Nel febbraio 1560 la sua carriera politica culminò nell'elezione a consigliere del Minor Consiglio ed è questa la data a cui possiamo far risalire l'inizio dell'affermarsi della famiglia Cicogna nell'oligarchia senatoria veneziana. Dal dicembre 1560 all'aprile 1569 fu capitano di Padova con Alvise Mocenigo podestà; dall'ottobre 1562 al settembre 1563 fu nuovamente eletto al Minor Consiglio; nel 1563 fu provveditore sopra gli Ospedali; dal giugno 1565 al maggio 1566 fu per la terza volta consigliere del Minor Consiglio e subito dopo, fino all'agosto 1567, fu podestà di Padova con Lorenzo da Mula capitano.
A Padova lo troviamo inipegnato in azioni contro l'eresia serpeggiante nel clima naturalistico dell'università: riceve ordine dal Consiglio dei dieci di arrestare Guido Zanetti e di sequestrarne i libri; il C. risponde in seguito di aver sequestrato ben 393 libri in casa dell'incriminato, dei quali allega un parziale elenco: vi figurano libri di scienza, matematica ed astrologia; testi di Erasmo, di Agricola, di Gelli; il Decameron;ed i Discorsi, il Principe e le Istorie di Machiavelli. Il C. segnala in un'altra lettera di aver arrestato "per la santa Inquisitione" un fra' Antonio.

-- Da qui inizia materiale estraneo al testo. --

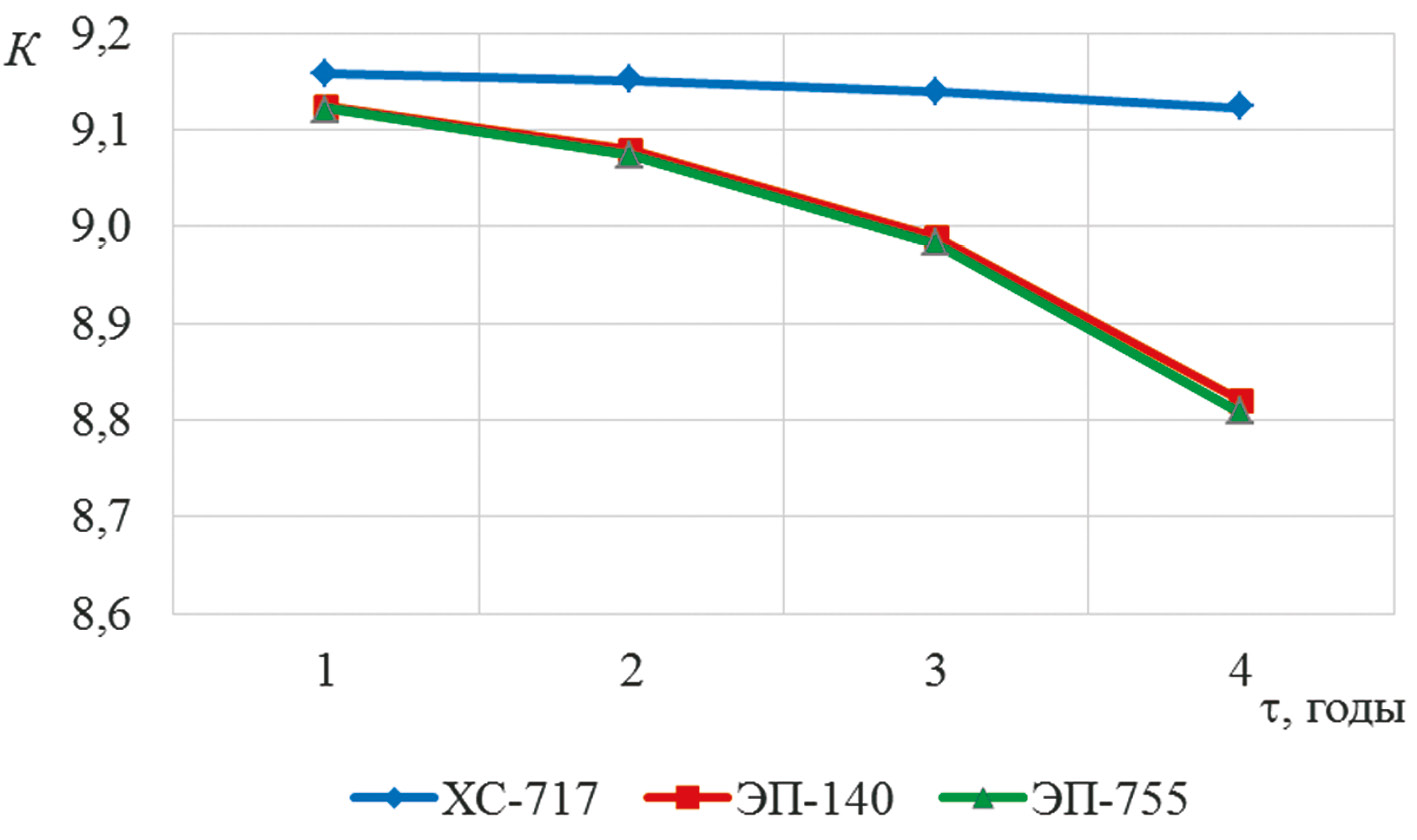 Рис. 2. График изменения коэффициента защитной способности ЛКП в ходе эксплуатации РВС

Il 27 ag. 1565 il C. aveva scritto il suo testamento con lo scopo fondamentale di predisporre le cose in modo tale che i suoi beni non potessero andare che ai suoi eredi legittimi, fossero pur essi, in caso di mancanza di discendenza maschile, i discendenti della figlia Paola. Per l'altra figlia Elisabetta, invece, ha parole dure, essendo stata "molto desobediente fia".

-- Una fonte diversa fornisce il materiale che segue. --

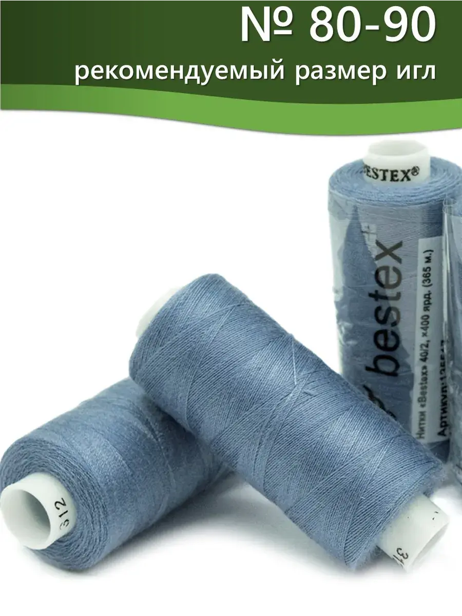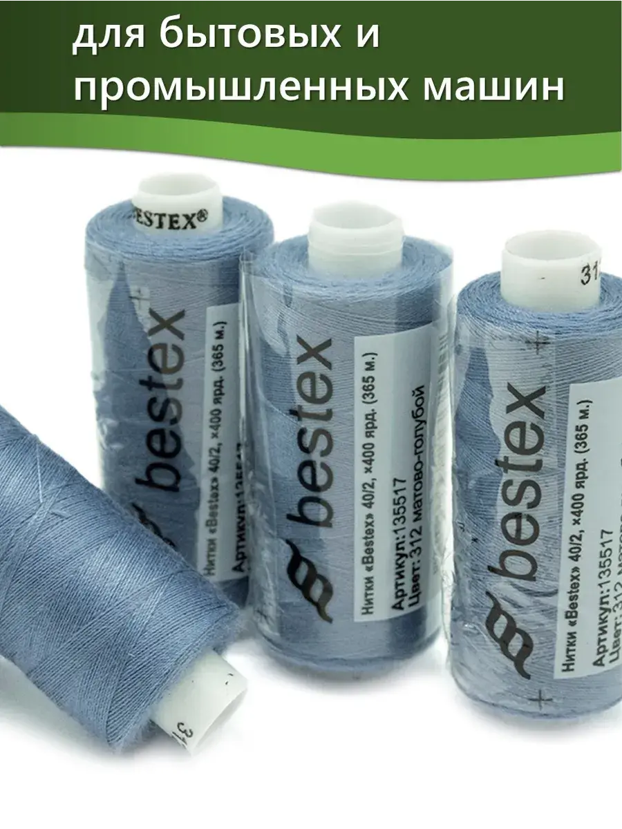 Набор ниток Bestex №40/2 – прекрасный вариант для шитья, ремонта текстильных изделий, рукоделия. Подойдут для бытовых и промышленных швейных машин. Изготовлены из 100 % полиэстера, прочные на разрыв и слегка эластичные, равномерные по толщине, имеют правостороннюю крутку. Обработаны силиконом на 3%, поэтому меньше разрываются при работе на высоких скоростях. Не истончаются и не теряют цвет после многократных стирок и от воздействия ультрафиолетовых лучей. Усадка минимальна, ворс и узелки почти не выражены. Нитки №40/2 подходят для работы с легкими тканями и тканями среднего веса. Назначение: – ремонт текстильных изделий, штопка вещей из трикотажа; – обработка срезов; – шитье вручную и на швейной машине. Линейная плотность: 14,8 x 2 текс. Разрывная нагрузка: 1050 сН. Рекомендуемый размер иглы: №80-90. В упаковке 5 бобин в намотке 400 ярдов.

Morì a Venezia il 1°dic. 1569.
Fonti e Bibl.: Arch. di Stato di Venezia, Avogaria di Comun, Nascite Patrizi, reg. 51/1; Balla d'oro, reg. 165/IV; Cronaca matrimoni, reg. 107; Necrologi di nobili, b. 159, n. 1; Segretario alle Voci, Regg. Elezioni Maggior Consiglio, nn. I-IV; Regg. Elezioni Senato, nn. I-III; Testamenti, b. 194, n. 529; Senato, Relazioni rettori, b. 61; Capi Consiglio dei Dieci, Lettere di Rettori, b. 215 ff. 118-119; b. 60, ff. 39-42; b. 83, ff. 19, 24, 25 (questi tre mancanti), 68, 71-74; b. 220, f. 60; b. 256, ff. 272-274; Venezia, Bibl. naz. Marciana, cod. Ital., cl. VII, 925 (= 8594): M. Barbaro, Arbori dei patrizi veneti, c. 245r; Ibid., cod. Ital., cl. VII, 15 (= 8304): G. A. Cappellari Vivaro, Il Campidoglio veneto, c. 263r; F. Comer, Creta sacra, II, Venezia 1755. p. 426.